With the help of these borrowed structures, invented in the 20s of the last century, many bite disorders can be corrected. The bracket system has a moderate pressure on the wall of the wells, in which the tooth is located, as a result of which the slight discrepancy between the bone occurs, and the tooth will start changing its position. The formed cavity over time grows, fixing the tooth in a new position. Correction can occupy from one and a half to two or more. Sometimes, according to the results of the correction, the installation of a special retailer is shown in the form of plates, kapa or train so that the teeth do not return to its original position. Some doctors argue that the patient’s age practically does not play roles (provided that jaw bones and guys are in a healthy state), but for children up to 10-12 years old, while the root system is not fully formed, the installation of brackets is not shown.
In addition to classic steel braces, there are many other options. For example, ceramic are distinguished by strength, do not irritate their dears and relatively invisible, since they are selected under the tone of the teeth. Plastic is rather fragile and easy to paint food dyes, but they are inexpensive and can be used to correct bite in cases when wearing braces with metal elements is contraindicated. Sapphire systems are durable, transparent, resistant to food dyes; in many respects they are similar to ceramic braces, but are somewhat more expensive. There are also combined systems in which several materials are used (for example, plastic and metal). Fully invisible to those surrounding lingual braces – they are attached from the part of the language. True, wearing lingual systems – as a rule, metal – affects diction, treatment takes a few more time compared to vestibular braces, and the installation and care is more difficult, which is reflected in price.

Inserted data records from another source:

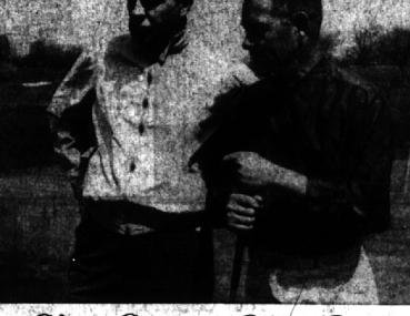
Give Course Once-Over

The national sports and travel show opens in Detroit for five days May 14 at the Light Guard armory on Eight Mile road.
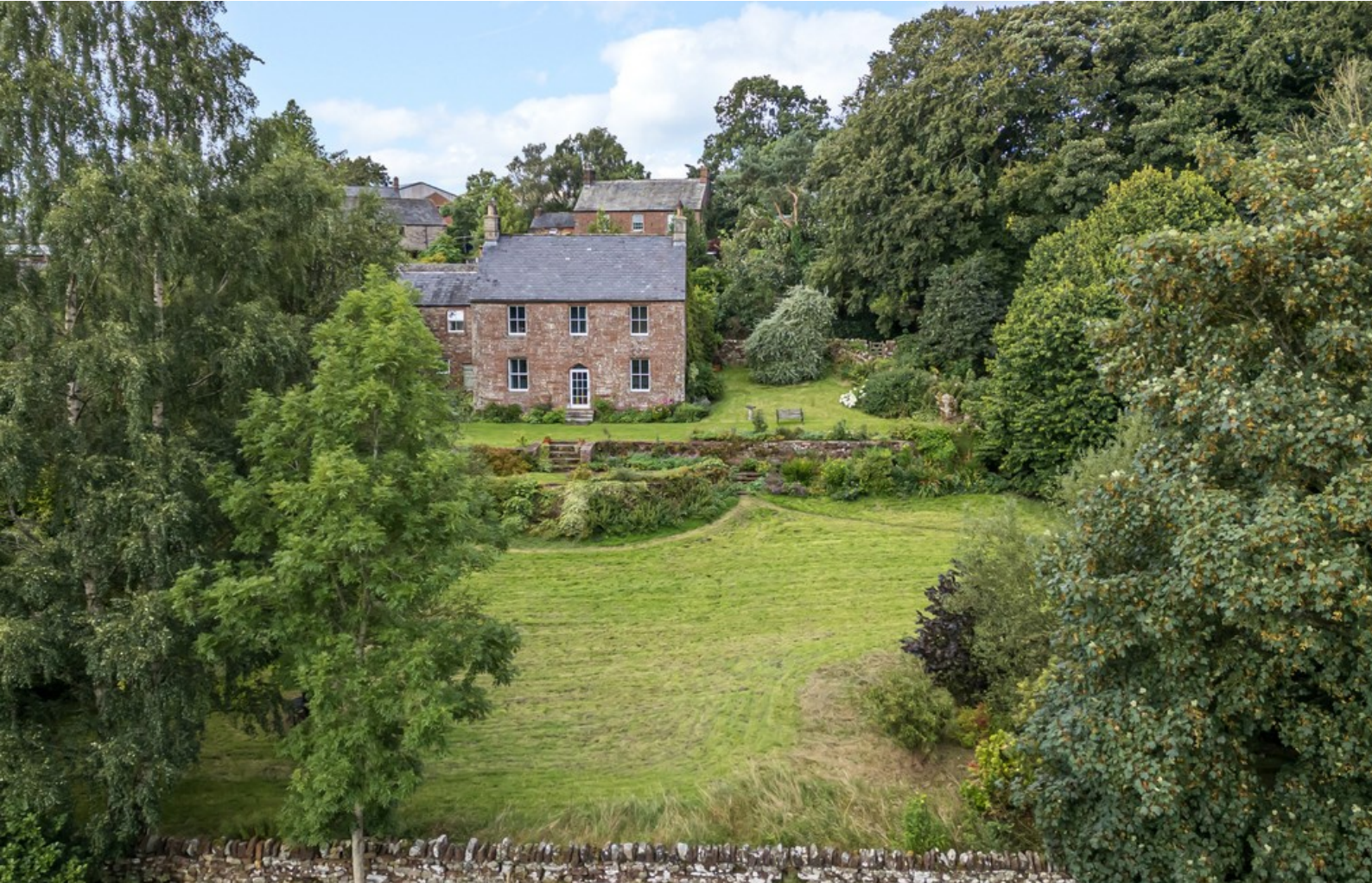
Rear Aspect and Garden
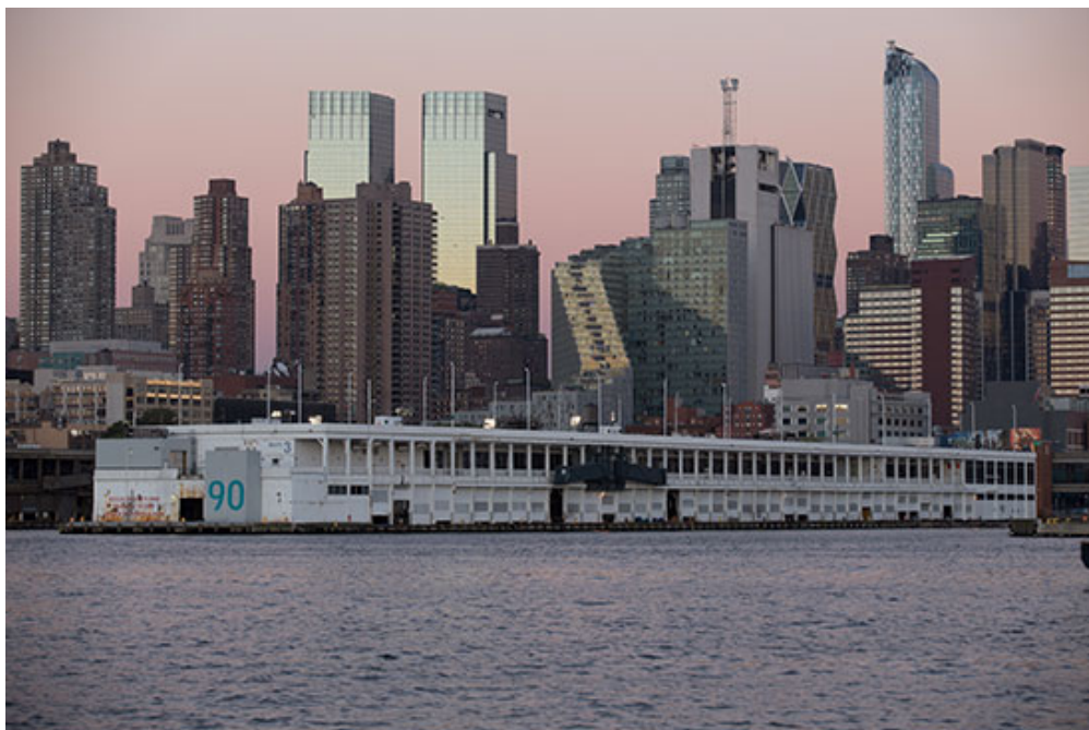
VOLTA NY at Pier 90.

RELATED: CRITIC’S VIEW: VOLTA, Taking on The Big Boys by Gabrielle Selz. Published March 7, 2015.

Vinira is the finest plates made from ceramics or composite material, which are superimposed on the front surface of the teeth and cutting edge (unlike the crown, which covers the whole tooth). With the help of veneers, the chips of teeth are masked, align the height of the tooth row, eliminate the gaps between the teeth, change the color of the enamel. These peculiar "half-skewers" do not move their teeth, but only responsible for the visual side, but this does not prevent the procedure to purchase increasing popularity, so we include it in the material as a bonus. It’s not just aesthetic function – veneers also protect their teeth from damage. They are often installed musicians playing wind instruments.

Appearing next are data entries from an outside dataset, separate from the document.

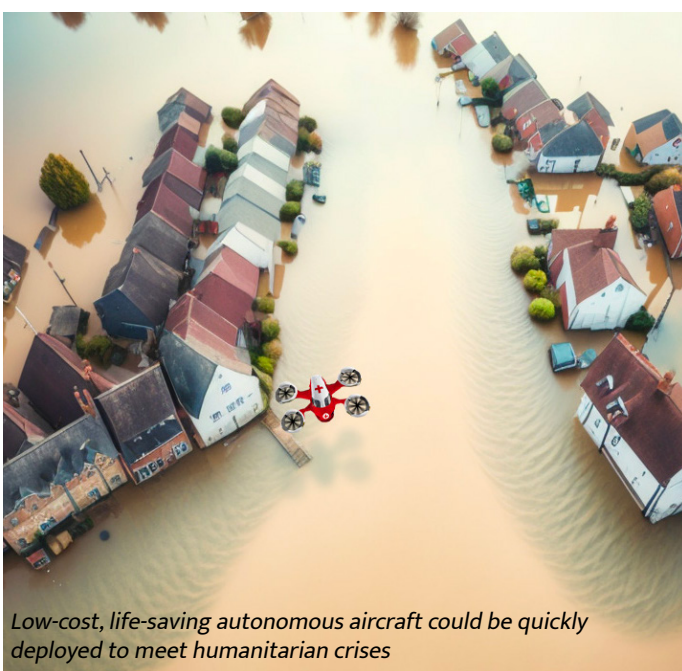
Low-cost, life-saving autonomous aircraft could be quickly deployed to meet humanitarian crises
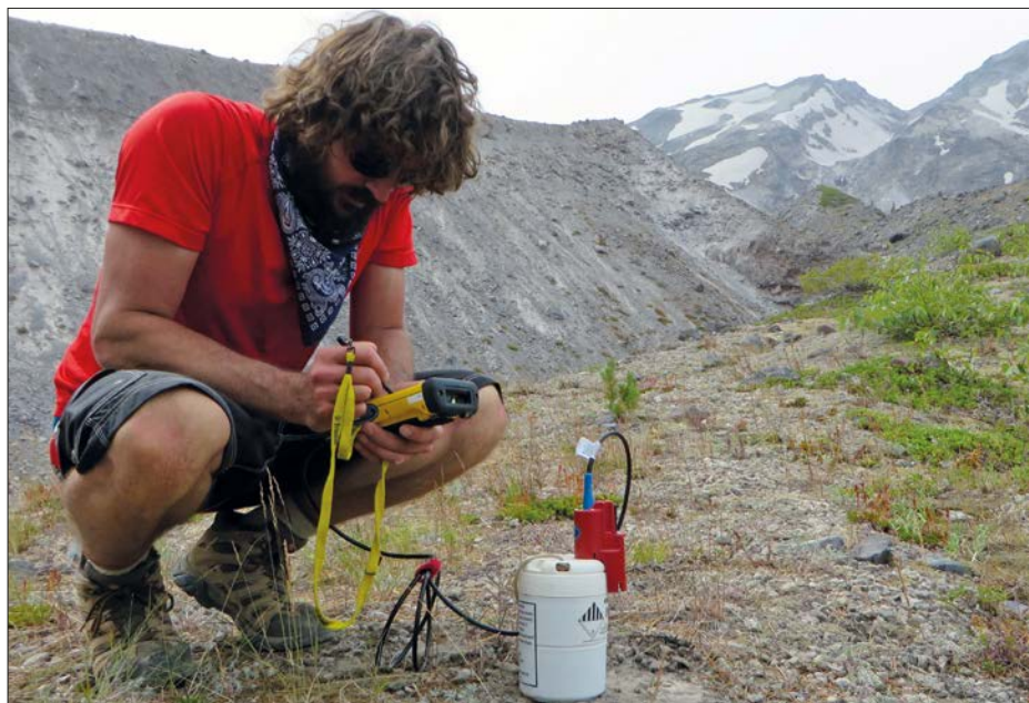
1 Small, cheap and remarkably useful: modern high-frequency seismic nodes are increasingly popular for deployments in remote areas and novel seismological situations.

In 1883, John Milne postulated that earthquake energy could be recorded at great distances (Milne 1883). This was proven in 1889 when a recording of a teleseismic earthquake (from Japan) was made by Ernst Von Rebeur-Paschwitz on a seismometer in Potsdam, Germany (Von Rebeur-Paschwitz 1889). Von Rebeur-Paschwitz soon realized that a set of seismometers deployed at stations globally could enhance
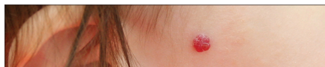
Figure 2a: Pyogenic granuloma on the right cheek in a 1.5-year girl, before laser treatment

Viniirs are manufactured in accordance with the form, the color of the patient’s teeth and its wishes. Ceramic cost more, but they are stronger composite. It is important to remember that when installing any veneers, irreversible enamel. American CERINATE company patented ultra-thin ceramic veneers – so-called lumines, which allegedly can be fixed on the tooth without prior scrap. In fact, it is rather a marketing move than an innovative method. First, most of the dental technicians are quite capable of making a veneer of the same thickness, namely 0.2 mm, by ordinary technology (though, the masking ability of ultrathins plates will be low). Secondly, the qualified orthodontist is unlikely to take on fixing lumines or any other veneers without teeth contouring, since only when the necessary long-term effect is achieved when. In the event of a complete removal of the vein, the additional restoration of the tooth will be required.